The average duration of symptoms prior to diagnosis has been reported to be about 5 months (3). The electrocardiogram findings are non-specific and include conduction deficits, low voltage, T-wave changes, and rhythm abnormalities. A chest X-ray may be normal or show cardiomegaly (3). Echocardiography is the mainstay of diagnosis. TEE has been shown to be superior to a TTE in identifying the presence and site of origin of primary cardiac tumors (11). Although it might be difficult to differentiate benign cardiac tumors from malignant ones based on the echocardiographic findings alone, it has been suggested that the presence of non-septal origin, broad attachment on the wall, extension into pulmonary vein, semisolid consistency, and multiple masses can predict the likelihood of a left atrial mass being a malignant (12). A chest CT and MRI can be helpful in the better delineation of anatomy for surgical planning as well as for evaluation of tumor extension (3, 13).

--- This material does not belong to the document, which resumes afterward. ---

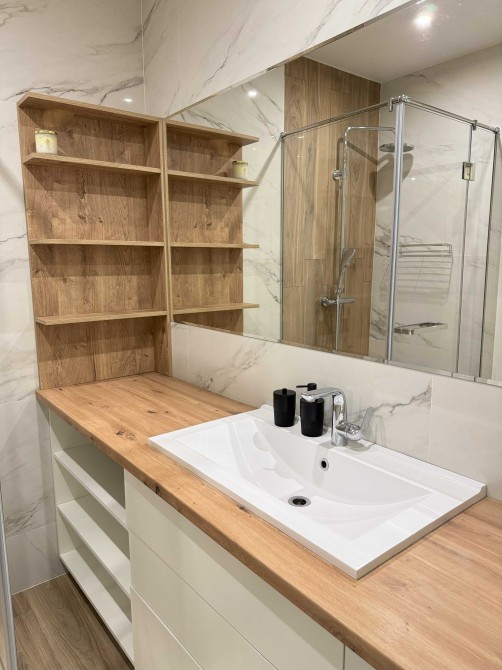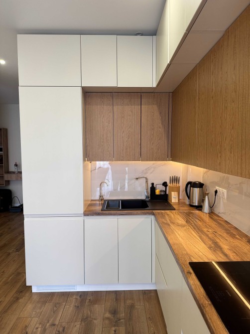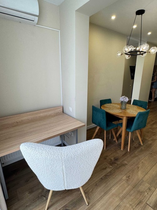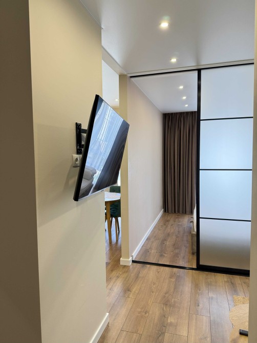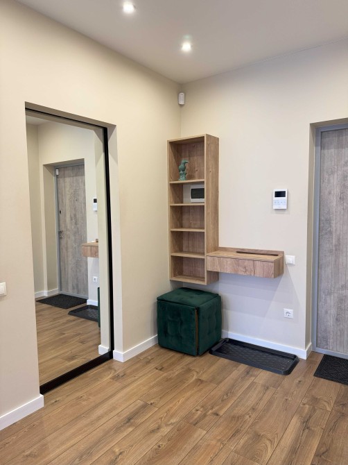 Затишна, світла квартира. Кухня-студія з необхідною технікою(посудомийка, ТВ, кондиціонер, осмос), обідній столик та розкладний диван. Лоджія з робочим місцем. Спальна з двоспальним ліжком з підйомним механізмом та гардеробом. Санвузол з душем, пральною машиною з функцією сушки та великою кількістю місця для зберігання. У коридорі ще один гардероб та сигналізація ajax. У квартирі сучасний, продуманий ремонт, панорамні вікна, індивідуальне опалення, багато місця для зберігання.

Prognosis of PCS remains poor with a reported median survival of 5–11 months (3, 14). The most important factor dictating prognosis is the ability to achieve a complete surgical resection of the tumor. It has been observed that the median survival increases to 12–27 months with complete resection compared to 4–10 months where complete resection is not possible (15–21). Hence, resection of tumor is indicated in all cases where possible and has an added benefit of effective palliation of symptoms (22). However because of close proximity to vital structures, it is not always possible to achieve a complete surgical resection. The role of neoadjuvant chemotherapy in these cases remains unclear. Collins et al. reported a 97% reduction in the tumor size after starting oral etoposide in an undifferentiated PCS in a 9-year-old girl. The tumor was subsequently amenable to surgical resection (23). Chemotherapy has been tried, most commonly with doxorubicin and/or ifosfamide containing regimens, with unclear survival benefit. However these studies have been limited by small sample size (12, 15, 19, 20). Hence, additional studies are warranted to identify the role of chemotherapy in these patients. Orthotropic cardiac transplantation has been tried but the experience is limited (24).

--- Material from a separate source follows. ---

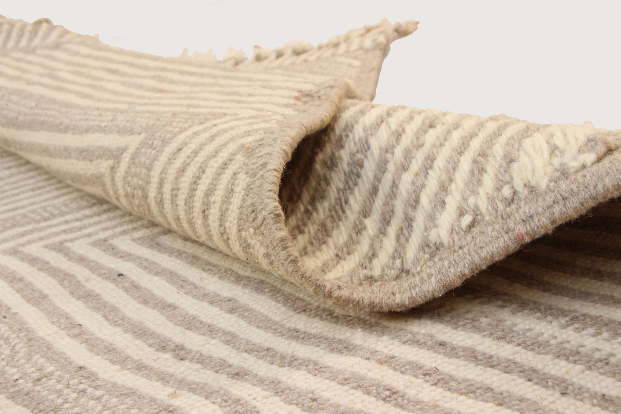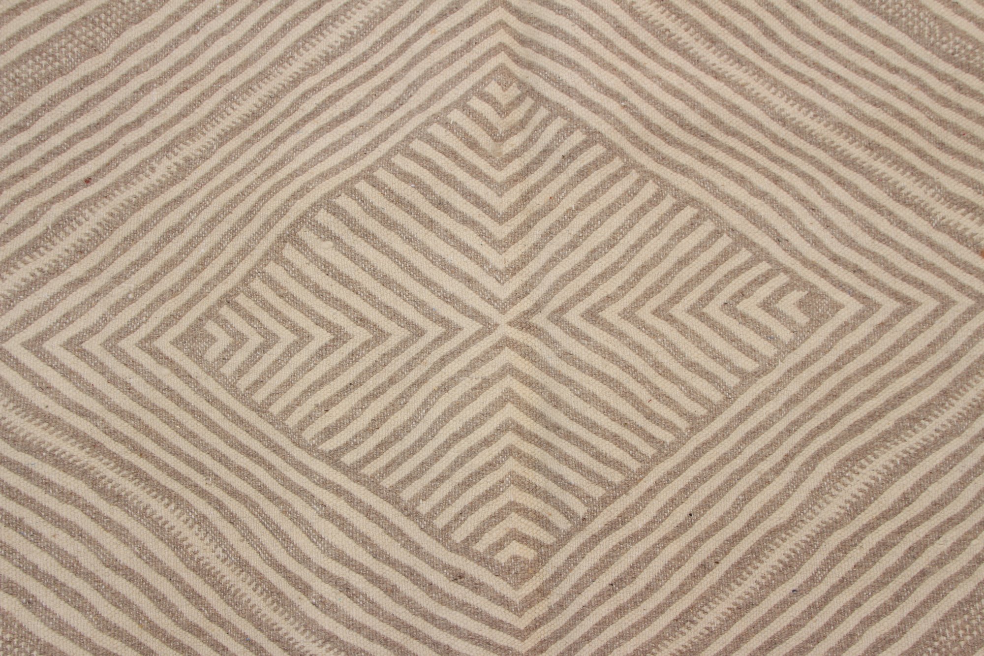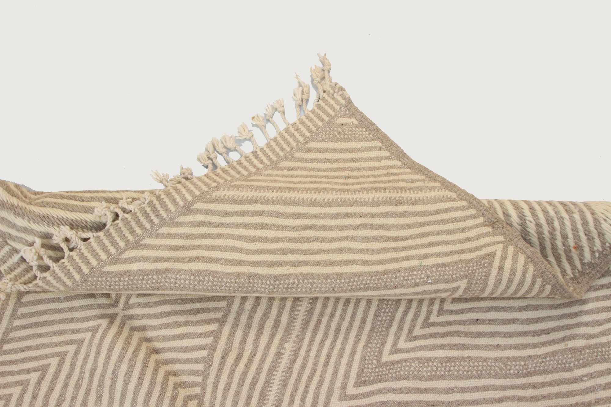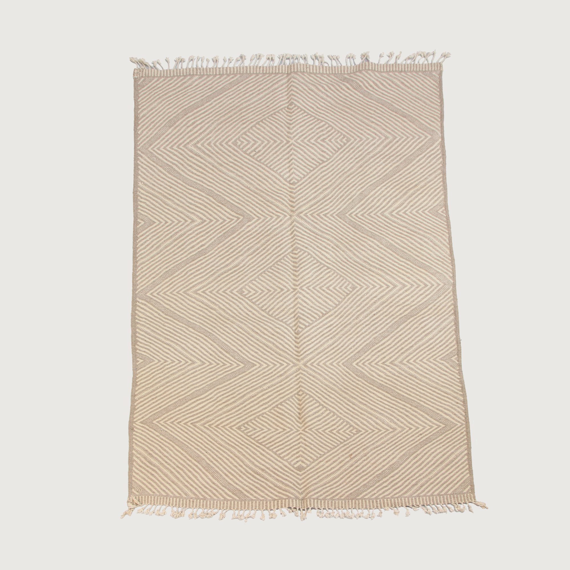 Handwoven in M’rirt, in the heart of the Middle Atlas Mountains of Morocco, this Kilim rug reflects generations of Amazigh craftsmanship and refined textile tradition. Its soft ivory and warm sand tones are layered with delicate linear diamond motifs, creating subtle depth and gentle movement across the surface.

In conclusion, PCS are rare malignant tumors of the heart with poor prognosis. Clinical features depend on the site of tumor. In cases of left atrial tumors, patients present with signs and symptoms of left-sided heart failure. Echocardiography is helpful but definitive diagnosis requires histologic sampling. Surgical resection is the mainstay of treatment, and the role of chemotherapy and radiotherapy remains unclear.